Fujitsu upgrades DX storage arrays with Xeon SP, better management software

Fujitsu went into launch-frenzy mode today, pumping out two new storage arrays, upgrading older models with faster processors, rolling out new management software and announcing three storage benchmarks and a guarantee programme.

The company makes ETERNUS DX arrays in S4 hybrid and S2 all-flash forms. The freshly announced arrays are new generation models, dubbed S5 for the hybrid and S3 for the all-flash. Altogether, the S5 generation provides more IOPS, storage efficiency and lower latency than its S4 predecessor.

Flash

ETERNUS AF50 S3

The AF150 S3 uses SAS interface SSDs and is aimed at the small and medium business market. It uses the latest Xeon processors, in common with its big brothers the AF250 S3 and AF650 S3. The AF250 gets larger system memory. The AF250 S3 and AF650S also get hardware-accelerated compression and deduplication, delivering higher IOPS, efficiency and reduced latency.

Fujitsu AF150 S3 specs

Hybridisation

ETERNUS DX900 S5.

The DX900 S5 is a top-end, mid-range, hybrid array with capacity up to 70PB and million-level IOPS capability.

It joins the DX60, DX100, DX200, DX500, DX600 arrays which are all upgraded with Xeon SP processors to match S5 specs. They also get hardware-accelerated storage compression and deduplication in the midrange hybrid arrays (DX200 and higher. DX900 S5 offers compression only), a unified hypervisor-less lean stack and NVMe cache in the midrange.

Fujitsu DX900 S5 specs

The high-end DX8900 array retains its S4 generation label but this should update to S5 specs in due course.

Single glass of pane

New ETERNUS SF storage management software covers the all-flash and hybrid arrays It provides monitoring features through a GUI, including shared functions such as replication, migration and the operation of storage clusters.

Fujitsu is also launching Infrastructure Manager (ISM) to manage software-defined data centres to replace ServerView. Fujitsu will support ServerView until March 2021, followed byive years of extended service and support.

ISM provides single-pane-of-glass monitoring of components across data centres, including servers, storage, power and cooling, backups and UPS. It provides automated firmware updates for Fujitsu PRIMERGY servers, ETERNUS and NetApp storage, and Cisco and Extreme Network switches.

There are two support options. ISM Essentials includes monitoring and firmware update of all supported devices, including servers, storage and network switches. ISM Advanced supports multiple hardware configurations, physical and virtual network connection indicators and firmware baseline updates. It is compatible with third party devices and integrates with VMware, Microsoft System Center and Ansible environments.

Benchmarks

Fujitsu has announced three SPC-1 v3 storage benchmarks. These test a storage array with a single business critical-type workload and support deduplication and compression: 

Coincidentally, Korean supplier Gluesys also announced an SPC-1 benchmark result today and we have included it in the table above.

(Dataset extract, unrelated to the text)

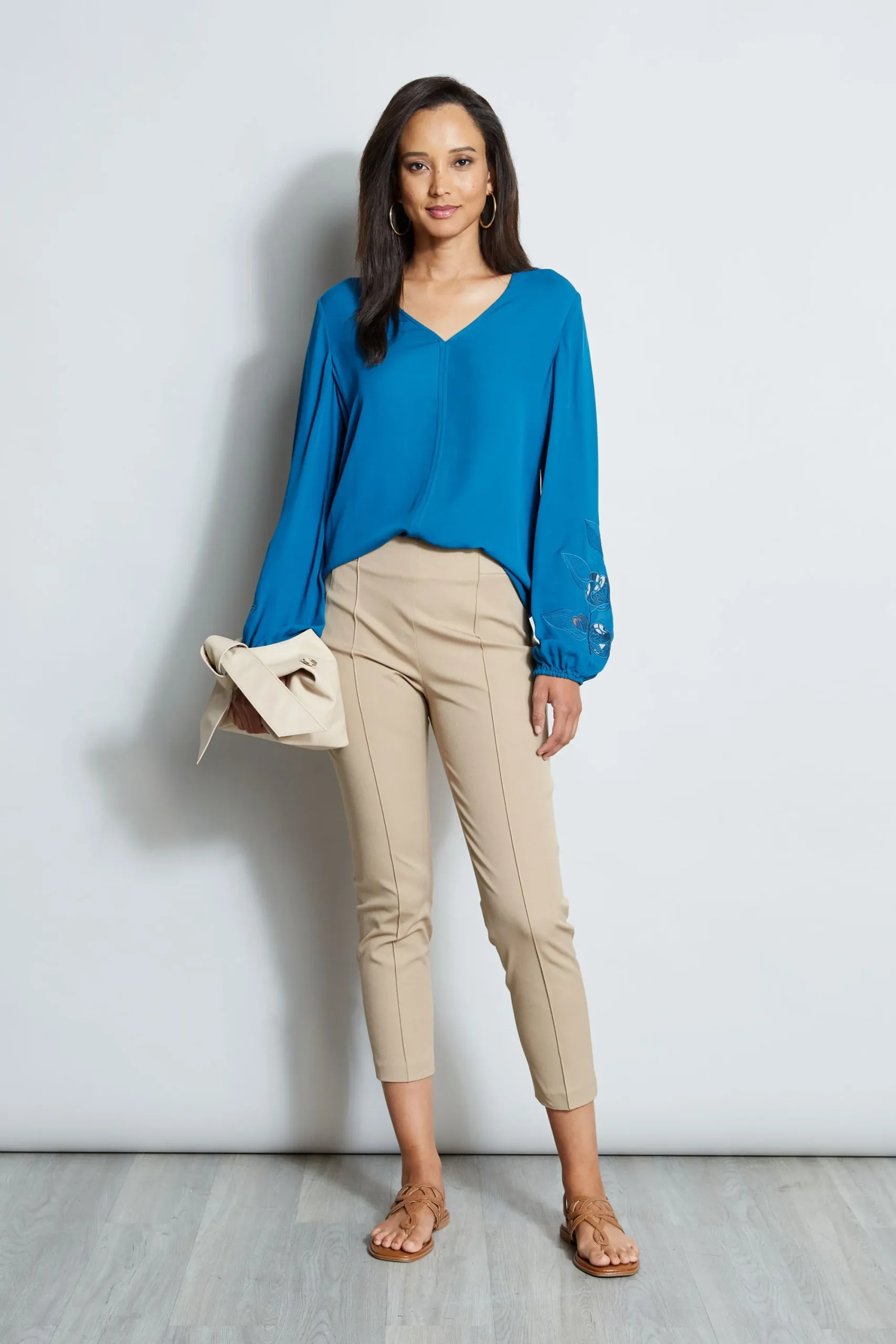 Romantic floral embroidery details the sleeves of our V-neck shirt in Luxe Silk Georgette. We ‘re obsessed with the details u0026amp; cool factor of this all-season shirt. Elie Tahari Exclusive Silk V-Neck Embroidered Long Sleeve Shirt 100% Silk Runs true to Size Model is 5’9″ and wearing size S Length From Shoulder to Hem: Back 24.5″L, Sleeve 25″L (approx. length for size S) Dry Clean Only Imported Style #: E710N503

The three Fujitsu systems generally have better price performance numbers than the company’s older arrays which provide similar SPC-1 IOPS performance. However the Gluesys array bagged the best-ever price/performance number of any array in this benchmark. Fujitsu’s AF150 S3 is in second place.

You can check out the results here.

YMMV

The new Fujitsu Storage ETERNUS AF/DX Global Guarantee Program commits to zero downtime, data reduction and 100 per cent SSD availability, some degree of customer satisfaction and support for array expansion and growth.

The new ETERNUS storage systems are available to order this month via Fujitsu and its channel partners. The S3 all-flash arrays and S5 hybrids will be generally available in early 2020. Pricing varies according to configuration.

ISM advanced pricing is according to the number of servers and nodes in a system and varies by country. For ISM Advanced, support licenses are mandatory.